- _Your instructions_
Look in the data below for the line that has "28 января в", then print exactly every line from there through the line that has "Schil de flespompoen", leaving pictures out.

- _Records for this exercise_
=== Section Start ===

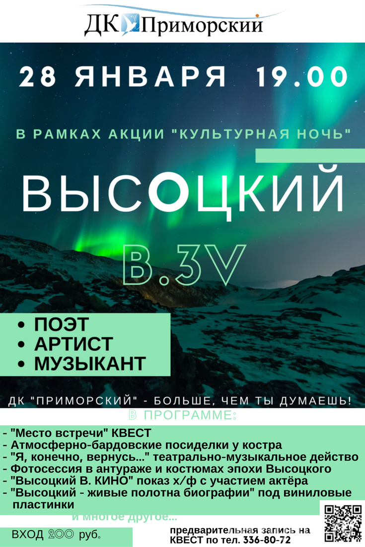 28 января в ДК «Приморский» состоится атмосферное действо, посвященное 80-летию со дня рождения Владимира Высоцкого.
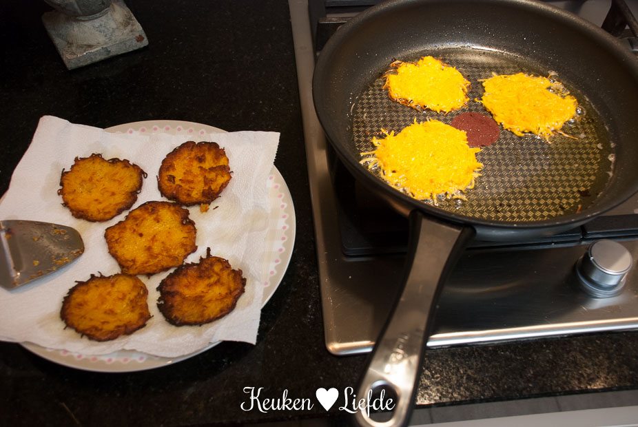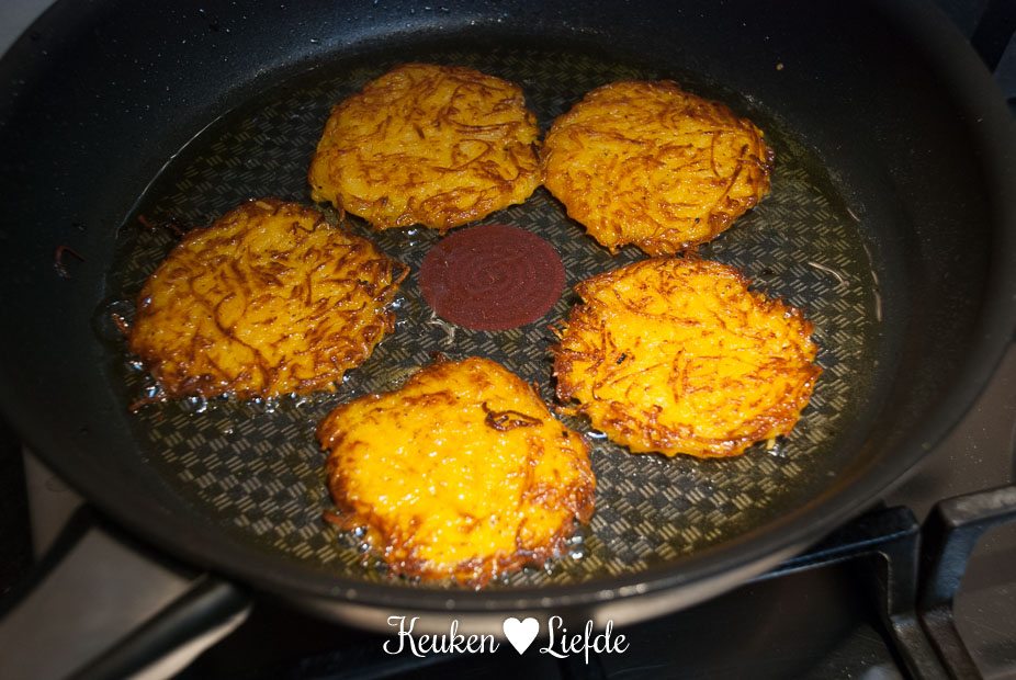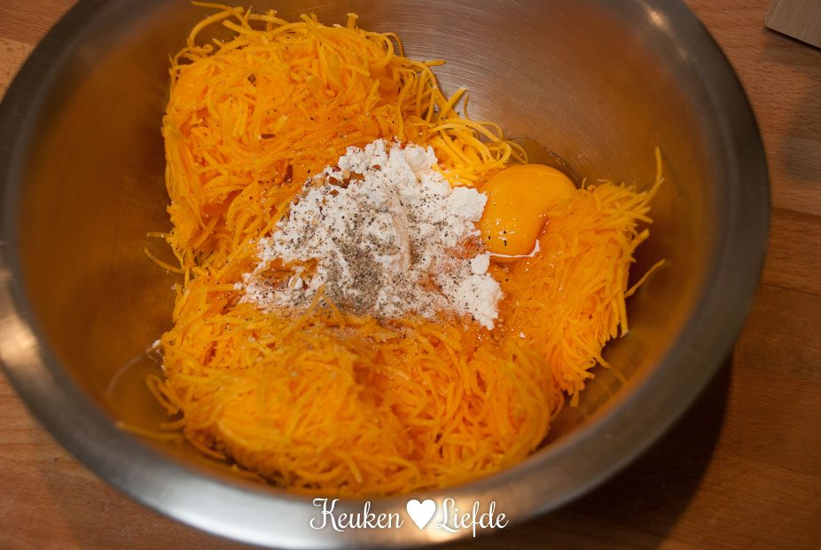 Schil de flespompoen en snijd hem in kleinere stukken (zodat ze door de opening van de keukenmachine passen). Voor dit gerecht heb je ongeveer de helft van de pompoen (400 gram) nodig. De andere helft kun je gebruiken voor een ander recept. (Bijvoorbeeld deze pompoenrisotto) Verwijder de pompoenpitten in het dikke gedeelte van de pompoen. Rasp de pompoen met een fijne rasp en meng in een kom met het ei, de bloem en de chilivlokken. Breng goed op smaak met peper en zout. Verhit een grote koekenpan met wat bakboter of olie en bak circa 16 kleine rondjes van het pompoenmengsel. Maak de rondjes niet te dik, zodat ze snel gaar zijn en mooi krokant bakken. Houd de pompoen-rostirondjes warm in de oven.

=== Section End ===
=== Section Start ===

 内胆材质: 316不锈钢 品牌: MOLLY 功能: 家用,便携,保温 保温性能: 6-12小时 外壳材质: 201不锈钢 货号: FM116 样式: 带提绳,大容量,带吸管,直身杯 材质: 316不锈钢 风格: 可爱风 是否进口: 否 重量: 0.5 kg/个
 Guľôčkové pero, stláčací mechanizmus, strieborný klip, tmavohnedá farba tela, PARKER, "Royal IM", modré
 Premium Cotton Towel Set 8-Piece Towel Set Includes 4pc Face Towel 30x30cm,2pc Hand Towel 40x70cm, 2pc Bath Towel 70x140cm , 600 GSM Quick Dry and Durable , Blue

=== Section End ===

- _Exercise solution_
 28 января в ДК «Приморский» состоится атмосферное действо, посвященное 80-летию со дня рождения Владимира Высоцкого.
 Schil de flespompoen en snijd hem in kleinere stukken (zodat ze door de opening van de keukenmachine passen). Voor dit gerecht heb je ongeveer de helft van de pompoen (400 gram) nodig. De andere helft kun je gebruiken voor een ander recept. (Bijvoorbeeld deze pompoenrisotto) Verwijder de pompoenpitten in het dikke gedeelte van de pompoen. Rasp de pompoen met een fijne rasp en meng in een kom met het ei, de bloem en de chilivlokken. Breng goed op smaak met peper en zout. Verhit een grote koekenpan met wat bakboter of olie en bak circa 16 kleine rondjes van het pompoenmengsel. Maak de rondjes niet te dik, zodat ze snel gaar zijn en mooi krokant bakken. Houd de pompoen-rostirondjes warm in de oven.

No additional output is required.